The term of the 21st IDF chief of staff, who steps Monday into Lieutenant-General Benny Gantz's boots, will be marked by uncertainty on both the external front and the domestic one.
There are only two things about which we can be almost completely certain: The likelihood of a war breaking out on more than one front during Eisenkot's term is much higher than during his predecessors' terms, and the window of opportunities for a peace agreement has been almost completely shut
It's been many years since so many weights were placed on the risk side of the Middle Eastern scales and so little on the opportunity side. Hezbollah in Lebanon and in the Golan, global jihad sitting on the same fence, Hamas in Gaza and the Islamic State in Sinai.

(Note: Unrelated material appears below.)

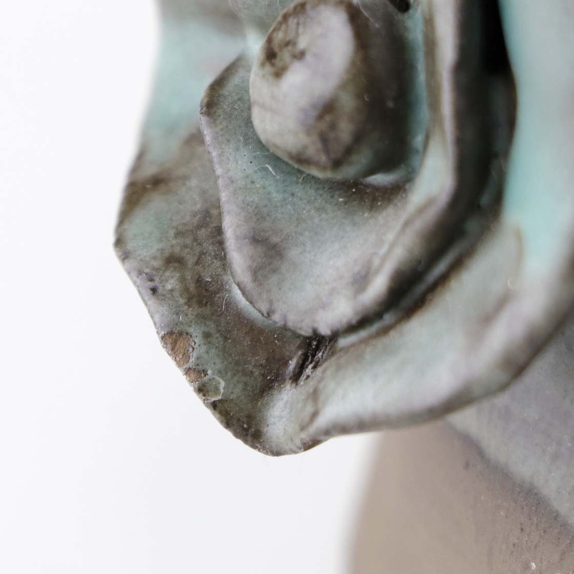 Fremstår med brugsspor på uglaseret keramik samt mindre nøk ved en blomst.

The Military Intelligence Directorate believes that this will be an explosive year in the Palestinian arena as well, and we have yet to mention Iran, which is still pursuing a nuclear bomb while encouraging and funding the terror on the fences.
The new chief of staff will have to deal with this imbalance from his very first day in office. One of his most urgent missions will be to prepare a better army for war – and to do it with less manpower and less resources.
In the coming years, the IDF is expected to shrink considerably: The number of recruits has been reduced, the number of draft dodgers and exemptions has increased, the fighters' compulsory service will be cut short, the standing army has cut 4,500 positions, and the reserve system has cut thousands more.
One of Eisenkot's most urgent missions will be to prepare a better army for war with less manpower and less resources (Photo: IDF Spokesperson's Office)
While facing demands for a defense budget cut, which will grow upon the new government's establishment, Eisenkot will have to create a perennial work plan for the IDF, which will prepare the forces for the changing threats in the different districts. The IDF hasn't had such a plan for four years now.
The new chief of staff is receiving a strong air force and advanced intelligence, but weak ground forces which have not been sufficiently trained and, most importantly, are insufficiently adjusted to the fighting arenas in the north and south. Hezbollah and Hamas have taken a significant leap forward, which is not really reflected in the training facilities in Tze'elim and Elyakim.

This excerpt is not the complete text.